Kurz darauf begann der Regen richtig, und ich zog meine Regenjacke an. Es folgte eine anspruchsvolle Etappe durch dichte, fast dschungelartige Vegetation und offene Landschaften – immer wieder bergauf und bergab. Ziel war Queenstown (nicht zu verwechseln mit dem Ort in Neuseeland).
Mit zunehmender Dauer wurde ich immer nasser. Da ich nur eine Regenjacke trug, waren meine Socken und meine Radhose bald komplett durchnässt. Die Folge: starke Reibung und zunehmende Schmerzen. In Queenstown legte ich eine Pause ein, stellte mich unter und wärmte mich etwas auf. Dort nutzte ich auch die Gelegenheit, meine Nachrichten zu checken und ein Video für Social Media fertigzustellen.
Nachdem der Regen etwas nachgelassen hatte, kaufte ich noch Pesto und Kekse ein – die nächsten Etappen würden erneut sehr abgelegen sein. Anschließend ging es direkt wieder einen steilen Anstieg von rund 350 Höhenmetern hinauf.
Der restliche Tag führte mich weiter durch die wilde Landschaft Tasmaniens: Regen wechselte sich mit Nebel ab, zwischendurch klarte es leicht auf, doch insgesamt blieb es kühl.

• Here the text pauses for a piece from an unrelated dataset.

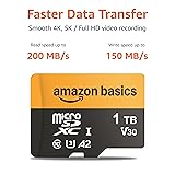 1TB Micro SD Card compatible with smartphones, tablets, cameras, GoPro/action cameras, laptops, desktop computers, DSLRs, drones, gaming consoles and more. This Micro SD card is not compatible with the Nintendo Switch 2 Ideal for recording and storing Full HD/4K/5K videos, high resolution photos, and other data types Read speed up to 200MB/s. Write speed up to 150MB/s. For optimal smartphone experience includes UHS-I, U3, Class 10 and A2 speed classes. Note: to achieve 200MB/s read speeds (above UHS-I) this Micro SD Card needs Amazon Basics Micro SD Card Reader USB C 3.0 B0DB4YQPL1 (sold separately). Shockproof, IPX6 waterproof, temperature-proof (-10° to 80°), X-Ray-proof, and magnetic-proof Note: Actual storage capacity shown by different Operating Systems may be less than the capacity indicated on the product label due to different measurement standards. The available storage capacity is higher than 908GB. Read and write speeds are based on internal tests conducted under controlled conditions. Actual speeds may vary depending on the device used, interface, conditions of use, and other factors. Check whether your device is compatible with the microSD capacity; for example, if the device only supports a maximum capacity of 64GB, it may not recognize this Micro SD Cards’ full capacity of 1TB. What you get: One Micro SD Memory Cards, One MicroSD Adapter, Quick Setup Guide. Note: The Micro SD Card Reader USB-C 3.0 (B0DB4YQPL1) not include, sold separately.

Nach über 100 Kilometern und mehr als 1300 Höhenmetern spürte ich deutlich die Belastung – besonders durch die Nässe war mein Körper stärker beansprucht als sonst.
Auf der Suche nach einem geeigneten Schlafplatz fuhr ich noch einige Kilometer weiter, da ich unbedingt Zugang zu Wasser brauchte. Schließlich fand ich einen idealen Ort an einem Wandertrack, mit einer halb offenen Hütte und Tisch – ein perfekter Unterschlupf.

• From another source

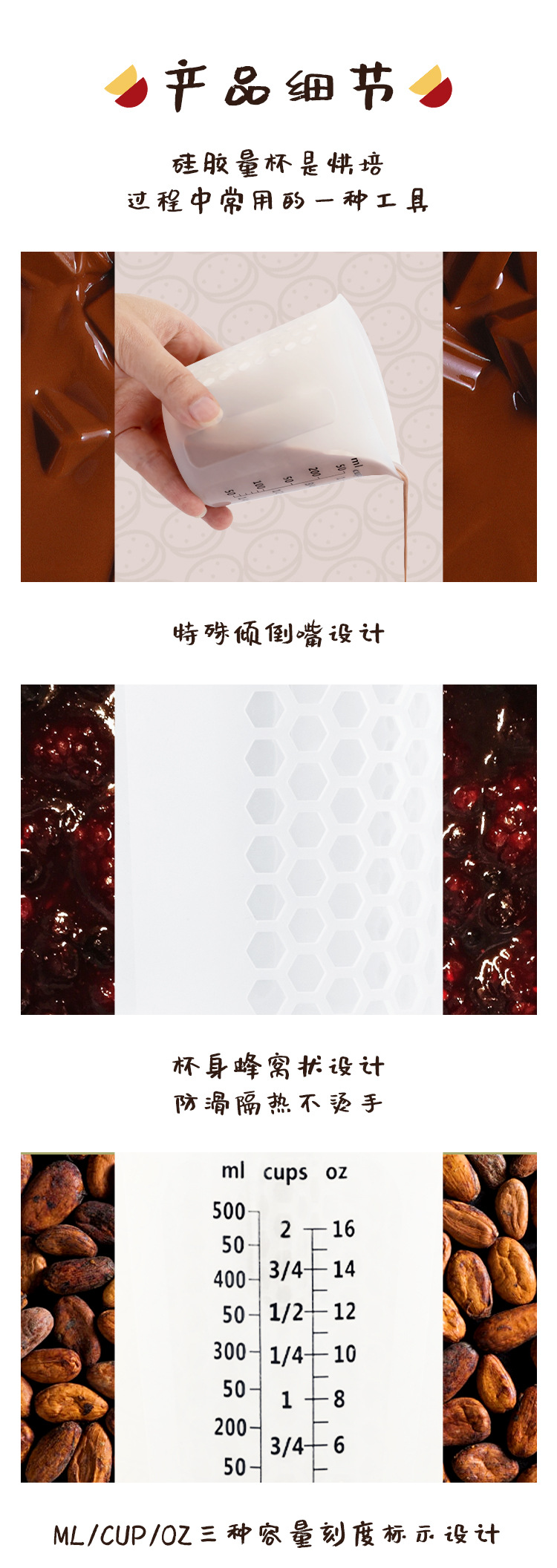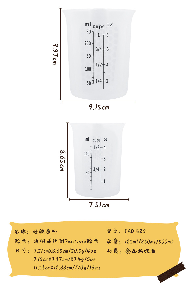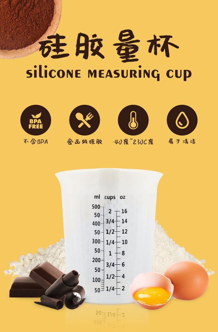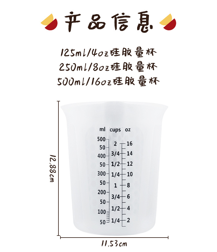 측정 컵 3 피스 주방 우유 가루 반투명 이중 규모 꿀벌 구멍 측정 컵 규모 실리콘 실험실 측정 컵

Dort baute ich mein Zelt auf, wusch mich im Arthur River und kochte mir meine Pasta. Mit ein paar Nüssen und einem Apfel ließ ich den Tag ausklingen.
Wie so oft schrieb ich noch mein Tagebuch im Zelt – und wenn möglich schneide ich auch meine Videos. Müde, aber zufrieden, schlief ich schließlich ein.